Robert J. and Nancy D. Carney Institute for Brain Science

Researchers use computer model to study schizophrenia

Dr. Mohamed Sherif, a psychiatrist and computational neuroscientist at Brown University, has developed a computer model of a brain region involved in memory and formation of beliefs that can help pave the way for treatments for schizophrenia.

Graph of firing threshold
Interaction between pyramidal neuronal excitability and synchrony modulated information flow across the hippocampal CA3 region, resulting in an inverted-U shaped relationship with information flow. Photo: Sherif Lab / Brown University

The human brain uses several frequency bands for the flow of information. The brain comprises multiple levels, from networks to microcircuits, various neuronal populations and different channels and receptors. In a new paper published in the journal Nature Publishing Partners Schizophrenia, Sherif used a computer model of the hippocampus to understand how simultaneously targeting multiple channels and receptors in the brain might help cognitive symptoms of schizophrenia.

“Psychiatric disorders are challenging, partly because of the brain’s complexity,” said Sherif, an assistant professor of psychiatry and human behavior who joined Brown in August. “Psychiatric disorders involve abnormalities at different levels in the brain, and the symptoms are thought to result from the high-level network interactions. Intuition alone cannot explain how pharmacological treatments, acting at a molecular level, help network-level interactions and psychiatric symptoms.”

Biophysically-realistic computer models of the affected brain microcircuits represent a possible solution to brain complexity, Sherif said. In the paper, Sherif used the computer model of the CA3 hippocampal region to examine how novel pharmacological targets would improve information flow across the CA3 region. Co-authors on the study include Samuel Neymotin, research scientist at The Nathan Kline Institute for Psychiatric Research, and Dr. William Lytton, professor of physiology, pharmacology and neurology at SUNY Downstate Medical Center.
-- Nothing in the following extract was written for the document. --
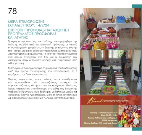 ΜΕΡΑ ΕΠΙΜΟΡΦΩΣΗΣ ΕΚΠΑΙΔΕΥΤΙΚΟΥ, 14/2/24 ΠΡΟΓΕΥΜΑΤΟΣ ΠΡΟΣΦΟΡΑΣ προσφοράς από ανερχόταν εκδήλωση στην ημέρα τετράμηνο, και ήταν πλουσιότατο. ευχαριστίες είτε προσπάθεια, εδέσματα ευχαριστίες

“One of the interesting findings from the simulation work is that gamma oscillations, abnormal in schizophrenia patients and thought to be involved in local computations in the cortex, are not always beneficial,” said Sherif, who is affiliated with the Carney Institute for Brain Science. “Both low and high gamma power was associated with impaired information flow.”

At Brown, Sherif's lab uses computational techniques to understand microcircuit mechanisms underlying psychiatric disorders and their treatments, focusing on schizophrenia, major depressive disorder and obsessive compulsive disorder (OCD). Cortical microcircuit modeling links the molecular and cellular alterations mediated by treatments to microcircuit function underlying disease symptoms. To elucidate the microcircuit alterations in various psychiatric disorders, the researchers in Sherif's lab use cortical computer models to interpret intracranial electroencephalography recordings, resting-state electroencephalogram (EEG) and magnetoencephalography, and event-related potentials in patients.

Researchers in Sherif's lab collaborate with several investigators to analyze EEG datasets from patients to study mechanisms of action of breakthrough treatments, like ketamine and psilocybin, in treatment-resistant depression, as well as mechanisms underlying deep brain stimulation used for treatment of OCD.

“The computer modeling approach makes it possible to systematically address the brain’s complexity and has the potential to personalize treatments to individual patients,” Sherif said.